Why does this code invoke the copy constructor?

Question

I'm a C++ noob so I can't figure out why the line in Logger.cpp invokes the copy constructor...

Logger.h:

class Logger {
    public:
    Logger();
    ~Logger();
};

Logger LOGGER;

Logger.cpp:

Logger LOGGER = Logger(); // Copy constructor here

Answer 1

There is no enough code that to make some conclusion. It is not clear whether LOGGER in the header and in the module are defined in the same declarative region or in different declarative regions.
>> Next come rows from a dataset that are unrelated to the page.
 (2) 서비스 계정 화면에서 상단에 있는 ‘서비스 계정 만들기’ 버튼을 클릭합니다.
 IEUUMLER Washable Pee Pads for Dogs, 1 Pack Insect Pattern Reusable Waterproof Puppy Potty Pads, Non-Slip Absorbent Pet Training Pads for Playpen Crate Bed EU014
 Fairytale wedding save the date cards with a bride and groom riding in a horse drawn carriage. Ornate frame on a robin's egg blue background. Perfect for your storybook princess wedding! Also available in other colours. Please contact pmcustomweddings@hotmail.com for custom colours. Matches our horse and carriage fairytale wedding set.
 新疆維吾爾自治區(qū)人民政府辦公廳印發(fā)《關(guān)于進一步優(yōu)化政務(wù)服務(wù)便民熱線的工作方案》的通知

In any case either the compiler shall issue an error or these two definitions define different objects for example because they are in different declaration regions.

Answer 2

The statement Logger() creates an anonymous temporary object.
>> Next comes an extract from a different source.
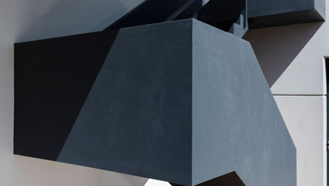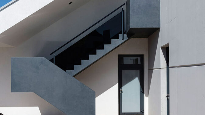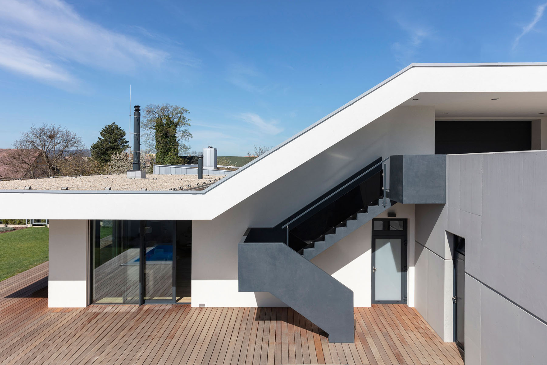 a zázemí. Obě podlaží propojuje výrazné venkovní schodiště z betonu, na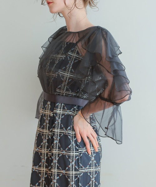 透け感とお袖が特徴のボレロ×動くたびに光り輝く上品なデザインのIラインドレス ユニークなデザインのフリルボレロに、 ワンピースにはチェック柄ときらきらと輝くモール糸を施し 華やかさと立体感を演出。 透け感のあるシアー素材を使用したフレアスリーブは、手元まで美しく華やかに。 バックスタイルのリボンが後ろ姿も抜かりなく女性らしさを演出してくれます。 ワンピースはアジャスター付きなので長さの調整もでき、バックスリットが入っているので 足さばきもよく歩きやすい一着です。 それぞれ単体で使用することができるので、レイヤードスタイルやジャケット合わせ等幅広いスタイルを楽しんでいただけます。 結婚式のおよばれや、卒業パーティーなど華やかなシーンにぴったりなドレスです。 ※商品画像は、光の当たり具合やパソコンなどの閲覧環境により、 実際の色味と異なって見える場合がございます。予めご了承ください。 【備考】 ・裏地あり ・伸縮性なし ・後ろ背中部分ゴム入り ・バックファスナー仕様 洗濯方法:クリーニング店にご相談ください。 ※その他お取り扱いに関しましては、商品に付属のアテンションタグをご覧ください。 ◼オススメシーン◼ 結婚式・2次会(二次会)・1.5次会・披露宴・お呼ばれ・成人式・同窓会・謝恩会・パーティー・演奏会・食事会まで、多様なシーンのコーディネートにご使用いただけます。 ◼商品のお気に入り登録 ◼ 完売カラーの再入荷通知や、ラスト1点の通知、セールの通知も受け取ることができます。 気になるアイテムは《お気に入り登録》が絶対オススメ! ◼ブランド紹介◼ Dress Shop " Dorry Doll"(ドリードール) 結婚式やパーティーなどのフォーマルシーンはもちろん、発表会、謝恩会、入学式や卒業式などのセレモニーシーン、そして女子会や食事会などのカジュアルシーンなど、多様なシーンにご使用いただけるドレススタイルをご提案させていただいております。 また、トータルコーディネートがきるよう、羽織や、パーティーバッグ、パーティーシューズ、アクセサリーなども豊富に揃えております。

LOGGER = Logger() copies that anonymous temporary into the object LOGGER. The copy constructor avoids having to construct LOGGER as something other than a copy of that temporary.
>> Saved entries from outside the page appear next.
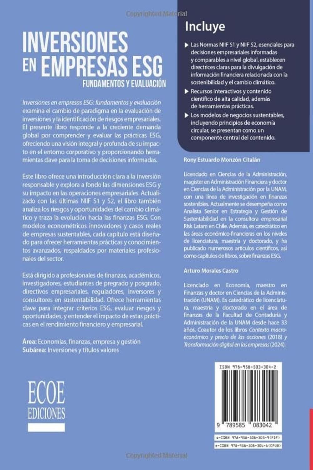Descripción: Inversiones en empresas ESG: fundamentos y evaluación examina el cambio de paradigma en la evaluación de inversiones y la identificación de riesgos empresariales. El presente libro responde a la creciente demanda global por comprender y evaluar las prácticas ESG, ofreciendo una visión integral y profunda de su impacto en el entorno corporativo y proporcionando herramientas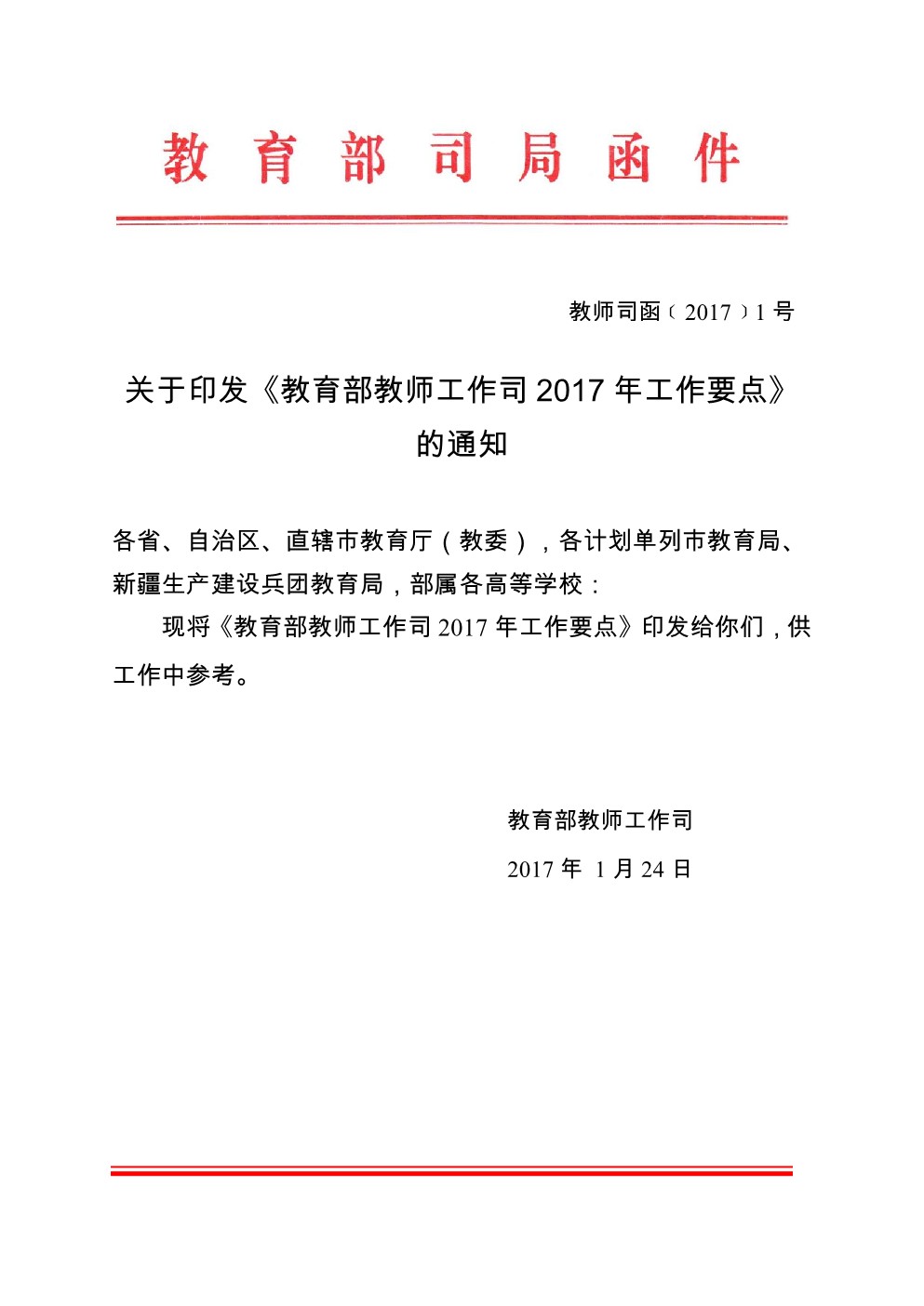 5.关于印发《教育部教师工作司2017年工作要点》的通知(教师司函〔2017〕1号)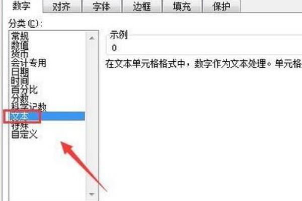 4、点击设置单元格格式选项在弹出的对话框内设置为文本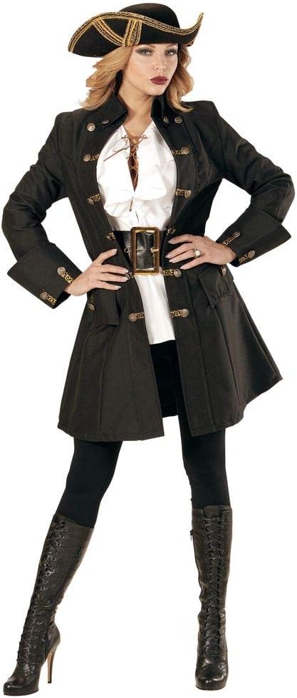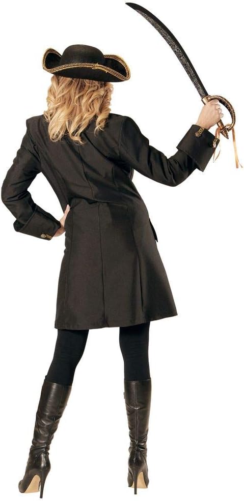 shoperama Schwarzer Damen-Mantel mit goldenen Knöpfen für Piratin Fluch der Karibik Kostüm Seeräuber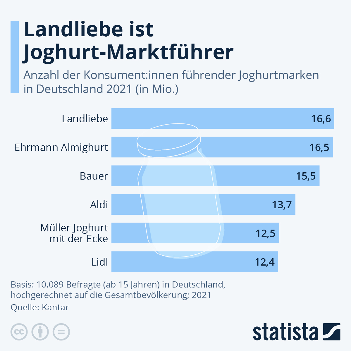 Die Traditionsmarke Landliebe ist die Nummer eins unter den Joghurts in Deutschland. Laut Daten des Marktforschungsinstituts Kantar konsumieren etwa 16,6 Millionen Menschen in der Bundesrepublik das cremige Molkereiprodukt aus dem Hause FrieslandCampina. Schärfster Verfolger ist der Almighurt von Ehrmann mit 16,5 Millionen Konsument:innen vor den Joghurt-Varianten von Bauer (15,5 Millionen). Ebenfalls unter den beliebtesten Joghurts in Deutschland sind die Eigenmarken der Discounter Aldi (13,7 Millionen) und Lidl (12,4 Millionen) sowie “Der Joghurt mit der Ecke” von Müller (12,5 Millionen).

The compiler is allowed to optimize away this copy, but it's not required to. More here.

If you want to construct the object directly, just say Logger LOGGER;.

Answer 3

"Logger();" is returning an object, then the assignment operator is called, which is calling the copy constructor. The previous LOGGER object is passed as a parameter.

Answer 4

In the statement Logger LOGGER = Logger(); the copy constructor is used.

Initially that seems surprising: you'd think that the assignment operator is used. But the language does not work that way. The reason is subtle: use of the assignment operator presupposes the existence of an object to which the assignment should be made. That would require default construction and that would be suboptimal.